# Building an Age-Friendly Workforce by Embedding the 4Ms Framework in a Geriatrics Clerkship

**Authors:** Lenny Powell, Jennifer DeGennaro, Christian White, Kevin Overbeck

PMC · DOI: 10.1093/geroni/igaf122.2942 · 2025-12-31

## TL;DR

This paper describes how a medical school integrated the 4Ms framework into its geriatrics curriculum, improving students' knowledge and care practices for older patients.

## Contribution

The study demonstrates the effectiveness of embedding the 4Ms framework in geriatrics education to build an age-friendly healthcare workforce.

## Key findings

- Students showed significant improvements in geriatrics knowledge and practices after the clerkship.
- Over half of students reported adopting new care practices, such as better medication and functional assessments.
- The 4Ms framework helped students apply geriatrics principles across specialties.

## Abstract

Rowan-Virtua School of Osteopathic Medicine (RVSOM) Department of Geriatrics and Gerontology embedded the 4Ms framework (What Matters, Medication, Mentation, Mobility) into the required 4-week Geriatrics Clerkship curriculum.

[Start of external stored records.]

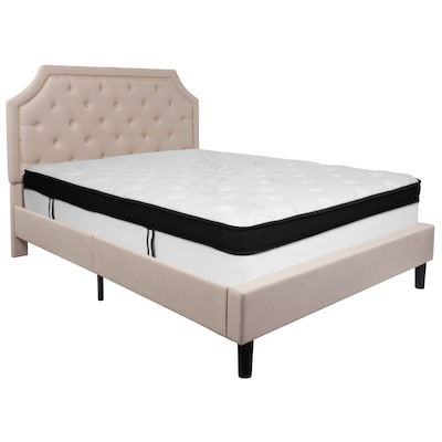 Flash Furniture Brighton Tufted Upholstered Platform Bed in Beige Fabric with Memory Foam Mattress, Queen (SLBMF3)
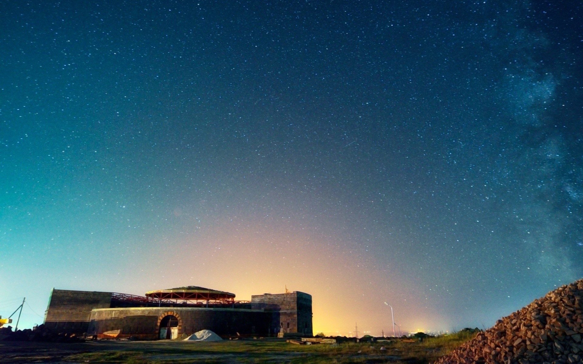 Bateau dans la rivière de nuit sur fond de montagnes sombres
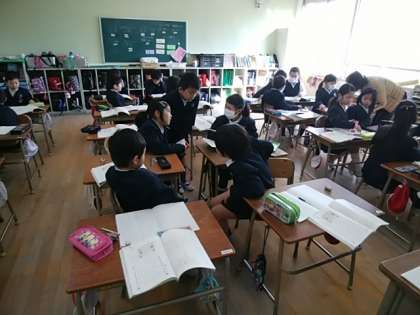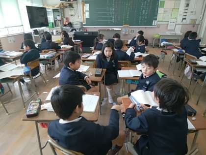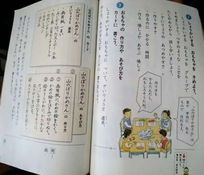 グループで話し合って、「おもちゃ教室」で紹介するおもちゃについて話し合っています。
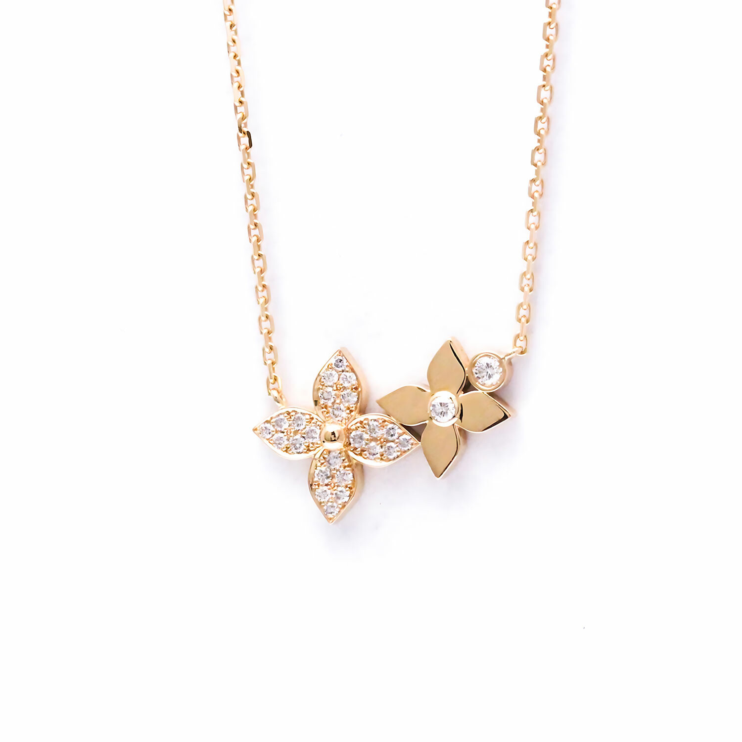 Louis Vuitton // 18k Rose Gold Star Blossom Double Diamond Pendant Necklace // 15.35"-16.14" // Store Display
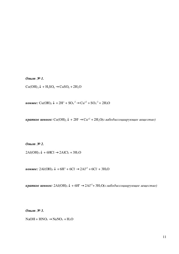 опыт № 1 «Взаимодействие гидроксида меди Cu(OH)2 c серной кислотой H2SO4»;
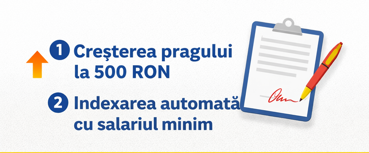 Hai să cerem împreună: 1️⃣ Creșterea pragului la 500 RON. 2️⃣ Indexarea automată cu salariul minim.
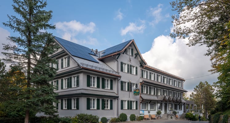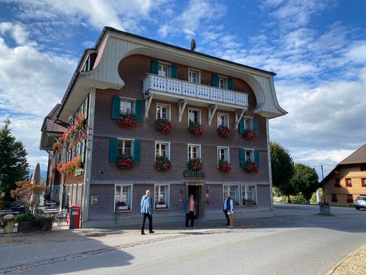 Nun waren alle gespannt, wo der nächste Halt sein würde, denn Reisemarschall Henry Hotz hatte dieses Jahr ein Geheimnis daraus gemacht, welche Lokalität er für das Mittagessen reserviert hatte. Nach rund eineinhalb Stunden Fahrt war die Frage geklärt. Die Busse hielten vor dem schönen Landgasthof Menzberg. Menzberg liegt im Luzerner Hinterland und ist mit 1016 m ü. M. das höchste Dorf im Napfgebiet. Der Landgasthof war früher ein Kurhaus. Mit seiner Errichtung im Jahr 1834 wurde das 600-Seelen-Dorf ein florierender Molken- und Luftkurort. Von Menzberg aus führt eine beliebte Rundwanderung über aussichtsreiche Höhenwege bis zum Gipfel des Napfs.

Students participate in a full day of in-person didactics delivered by an interdisciplinary team of faculty during the first week of the clerkship designed to teach them to use evidence-based screening tools and employ best practices when caring for older patients. A survey on the 4Ms approach is distributed at the beginning of the rotation and again at the end of the 4 weeks. Pre- and post-clerkship data for 184 students show significant differences on all but 1 of 16 items [e.g., knowledge to perform a Geriatric Assessment: t(183) = 19.32, p = <.001, d = 1.42, identifying inappropriate medications: t(183) = -18.51, p = <.001, d = -1.36, and initiating an Advance Care Planning conversation: t(182) = -13.57, p = <.001, d = -1.03]. In the post survey, students are asked to specify any new practices in their care of patients after the Geriatrics clerkship and over half (54%) reported new care practices. Commonly noted were increased attention to medication lists, functional history, goals of care, and use of evidence-based screening tools. The statement “Knowing what questions to ask geriatrics pts even when I’m in another specialty” illustrates that providing foundational knowledge on aging and training students to assess patients using the 4Ms Framework creates a healthcare workforce able to recognize key issues critical to caring for an aging population.